Most obviously, Johnson benefited from large Democratic majorities in both chambers of Congress when he pushed the Civil Rights Act, even as the country mourned John F. Kennedy. Those majorities jumped — to a whooping 295-140 in the House — after the 1964 election. When Obama passed his healthcare overhaul in 2010, Democrats had 253 seats.
But Johnson also embraced the sort of parliamentary maneuvers and horse trading that today would have good government advocates screaming about legislative payoffs and backdoor politics. And thinking Obama could wine and dine his way to moving his legislative agenda is to misunderstand the current political climate, White House aides argue. Political polarization has diminished common ground between the parties and left few moderates to woo.
Even Obama seems to chalk up Johnson's success to political momentum, noting that his election in 1964 was followed in 1966 by Democratic losses in the congressional elections, although the party retained control of Congress. Obama has faced a Republican majority in the House since 2011.
"When he lost that historic majority, and the glow of that landslide victory faded, he had the same problems with Congress that most presidents at one point or another have," Obama said in a recent interview with the New Yorker.
For those close to the Johnson legacy, attributing his legislative accomplishments to mere political good fortune ignores Johnson's political gift.
"Schmoozing is not just sitting and having a drink — though LBJ did plenty of that," said Joseph Califano Jr., a former Johnson aide. "It's knowing exactly what buttons turn congressmen on and off. I think, bluntly put, Johnson knew the price of every member of Congress — whether it was a dam or a schoolhouse or invitation to dinner."
Califano noted, "Obama has other skills, but that was a big one for Johnson."
Mark K. Updegrove, a historian and director of the Johnson library, noted that Johnson was willing to alienate his old friend and mentor Sen. Richard Russell, a fierce opponent of the civil rights legislation. Russell, a Georgia Democrat, warned that he'd risk losing the presidency and also the defection of Southern states to the GOP.
"LBJ said that, if that was the price for the bill, he'd gladly pay it," said Updegrove, author of three books on the presidency, including one on Johnson. "He said, 'What the hell is the presidency for?'"
That's a question Obama faces regularly in his fifth year, as he uses his executive authority to move his priorities, including environmental regulation, increasing minimum wage and, this week, closing the gender pay gap.
H.W. Brands, a presidential historian at the University of Texas in Austin, said Obama could not count on the same kind of powerful social movement and growing consensus that benefited Johnson in passing civil and voting rights bills. "The issues are less clear-cut today and the parties are more clearly at odds," he said.
Even Johnson saw the limits of his powers of persuasion.
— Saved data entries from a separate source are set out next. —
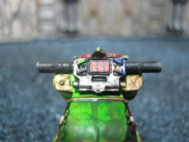 The handlebars / top front of the bike were misssing. I made the handlebars out of a wooden dowel, the "headlight" was replaced with an Icon of Nurgle, and check out what I did for the speedo / tach: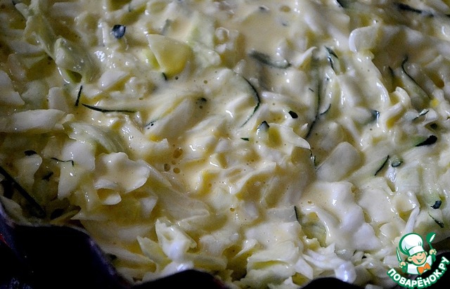 Выкладываем заливку на овощи и распределяем по всей поверхности.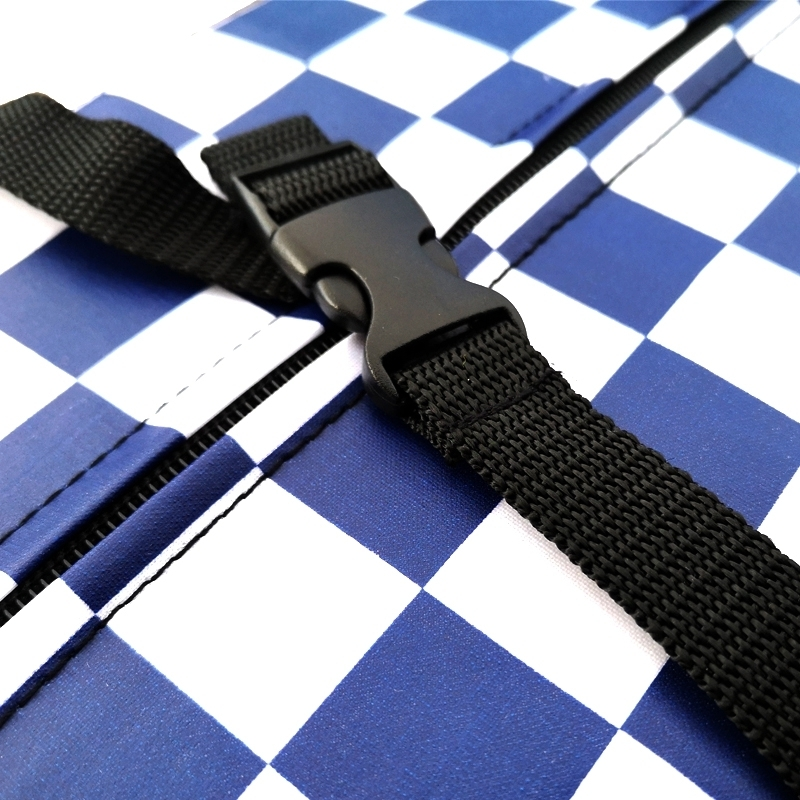 Le coussin Hooodie à carreaux de couleur bleu et blanc est parfait pour transporter un enfant ou un passager sur le porte bagage arrière sans avoir recours à un siège enfant. Son assise de 7 cm apporte un position confortable pour les fessiers de la personne transporter. Il se fixe facilement sur le porte-bagage de vélo à l’aide de ses attaches Velcro.

After the 1966 midterm election, Johnson came to feel a backlash from lawmakers he had won over, particularly when it came to paying for the Great Society programs.
But Johnson's agenda was cemented into American life. Medicare, passed in 1965, was quickly accepted by the opposition, implemented successfully by the administration and, over time, embraced by both parties — along with the Civil Rights Act.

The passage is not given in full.